Skip all pictures; return exactly the lines from the one containing "放入适量的油, 煸炒豆瓣酱, 注意火不要大,免得炒糊了;下入五花肉片煸炒,再加入香干一起炒,可以放入适量的料酒和生抽稍煮入味;" through the end of the data.

◆ **PROVIDED DATA**:
########################################

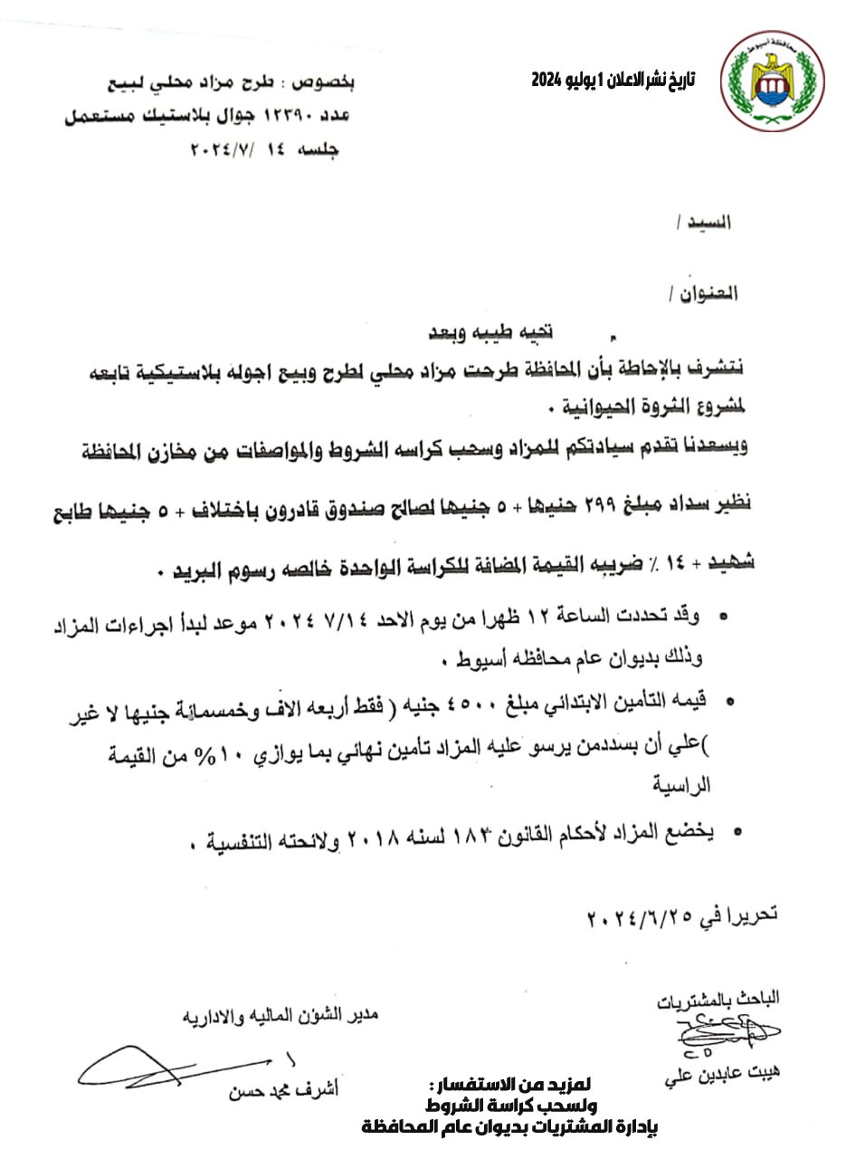 تعلن محافظة أسيوط "إدارة العقود والمشتريات" عن موافقة اللواء عصام سعد محافظ أسيوط على طرح مزاد محلى لبيع اجولة بلاستيكية عدد 12 الف و390 جوال تابعة لمشروع الثروة الحيوانية .
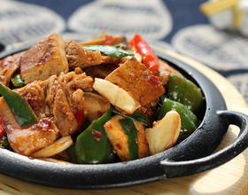 3、 烧热锅, 放入适量的油, 煸炒豆瓣酱, 注意火不要大,免得炒糊了;下入五花肉片煸炒,再加入香干一起炒,可以放入适量的料酒和生抽稍煮入味;
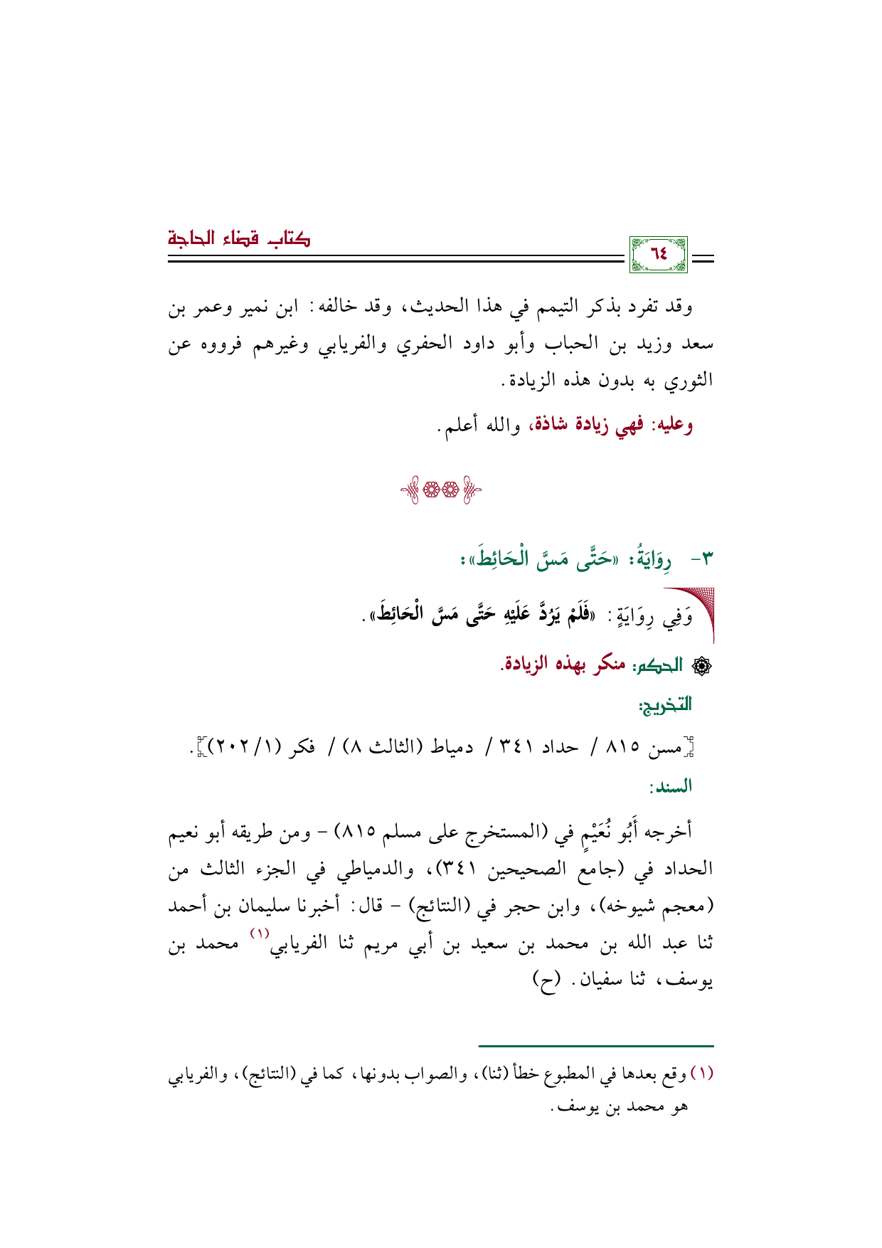 وقد تفرد بذكر التيمم في هذا الحديث، وقد خالفه: ابن نمير وعمر بن سعد وزيد بن الحباب وأبو داود الحفري والفريابي وغيرهم فرووه عن الثوري به بدون هذه الزيادة.
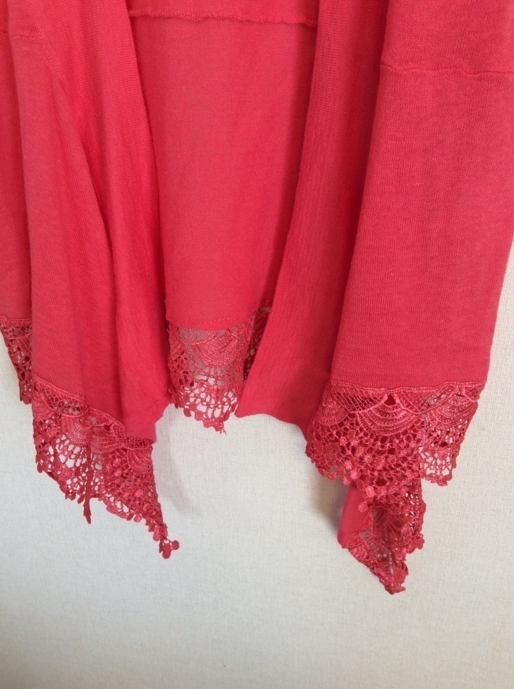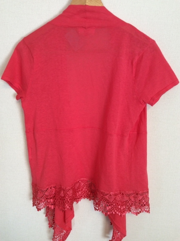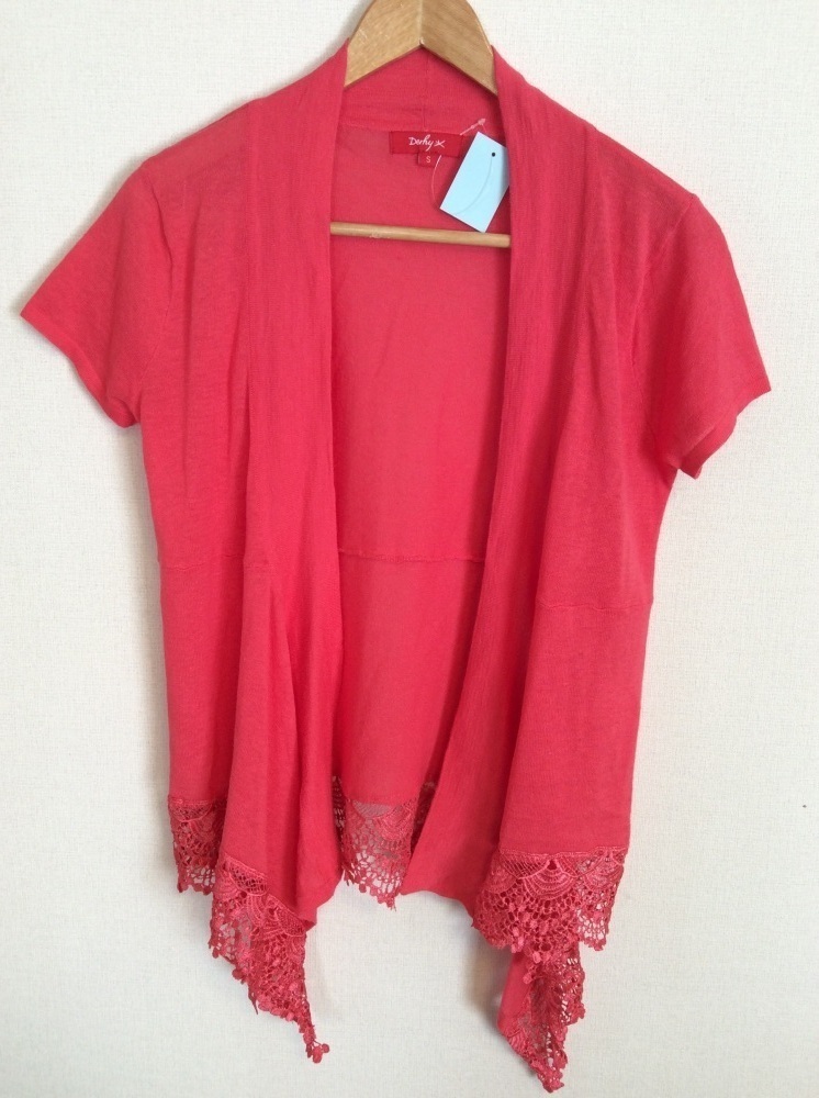 | 管理番号:128317 オレンジピンク 裾レース半袖カーディガン 表示サイズ:S 実寸(参考)

########################################

◆ **EXERCISE SOLUTION**:
 3、 烧热锅, 放入适量的油, 煸炒豆瓣酱, 注意火不要大,免得炒糊了;下入五花肉片煸炒,再加入香干一起炒,可以放入适量的料酒和生抽稍煮入味;
 وقد تفرد بذكر التيمم في هذا الحديث، وقد خالفه: ابن نمير وعمر بن سعد وزيد بن الحباب وأبو داود الحفري والفريابي وغيرهم فرووه عن الثوري به بدون هذه الزيادة.
 | 管理番号:128317 オレンジピンク 裾レース半袖カーディガン 表示サイズ:S 実寸(参考)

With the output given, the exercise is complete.